Officers assigned to the staff should be proven shipboard operators in the all the major warfare areas. They should be qualified as ASW Evaluators and Shipboard Tactical Action Officers. Four post-department surface warfare officers would be assigned to the staff. They would serve as lead officers for current operation (COPs), future operations and plans (FOPs), training, and readiness, and serve staggered 24 month tours. Officers would follow an assignment track within these billets to afford experience in all four jobs, culminating as COPs or FOPs. These leaders should be post-department head officers eligible and competitive for command at sea.

There would be four post-division officer tour officers assigned to this staff structure. These would be qualified as surface warfare officers and served as an Anti-Submarine Warfare Officers/Evaluators, Tomahawk Engagement Control Officers, and/or hold Warfare Coordinator Qualification. These officers would be selected for department head and due course, that is, competitive for further advancement. All of these officers would attend the Staff Watch Officer, Joint Maritime Tactics Course, Maritime Staff Officer’s Course, and specialty schools as necessary. Officer who trained with foreign navies at their principal warfare officer courses and planning courses would also be sought after to bring Coalition Integration to bear.

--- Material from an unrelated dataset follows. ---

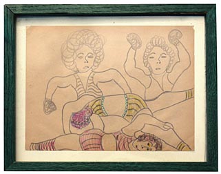 | Lewis Smith lived most of his life alone in the woods of Ohio; drawing, writing, and painting on paper, cardboard, and the walls of his house and buildings. His work reflects his preoccupation with muscular women (especially boxers and wrestlers), trains, time, and money. Lewis Smith passed away in 1998. He was in his mid 90's, living in a nursing home. He was reclusive, refusing to speak to almost anyone. When he left his home years ago, the only things he wanted to take were some of his drawings. He decided to let them go shortly before his death. We have over 400 pieces. Sample illustrations available by mail or on his web site. Lewis Smith's work was included in the show and book "ABCD: A Collection of Art Brut". |

There would be 3 senior chiefs and 8 chief petty officers permanently assigned to this staff. The senior chief petty officers (SCPOs) would be from the ratings of Sonar Technicians, Operations Specialists, and Information Systems Technicians each would have successfully completed shipboard leading chief petty officer (LCPO) tours. They should respectively hold advanced Navy Enlisted Classifications in the ASW field, achieved senior-level air controller qualifications, and hold Communication Watch Officer and associated computer network management credentials. Assigned LCPOs in rates depicted would provide technical and watchstanding expertise in their rate. All SCPO and CPOs would complete the STWO/JMTC course work and additional rate specific training. The remaining enlisted sailors would be first or second class petty officers (E6/E5), and trained as watchstanders to support the 6 section watchbill and planning cell.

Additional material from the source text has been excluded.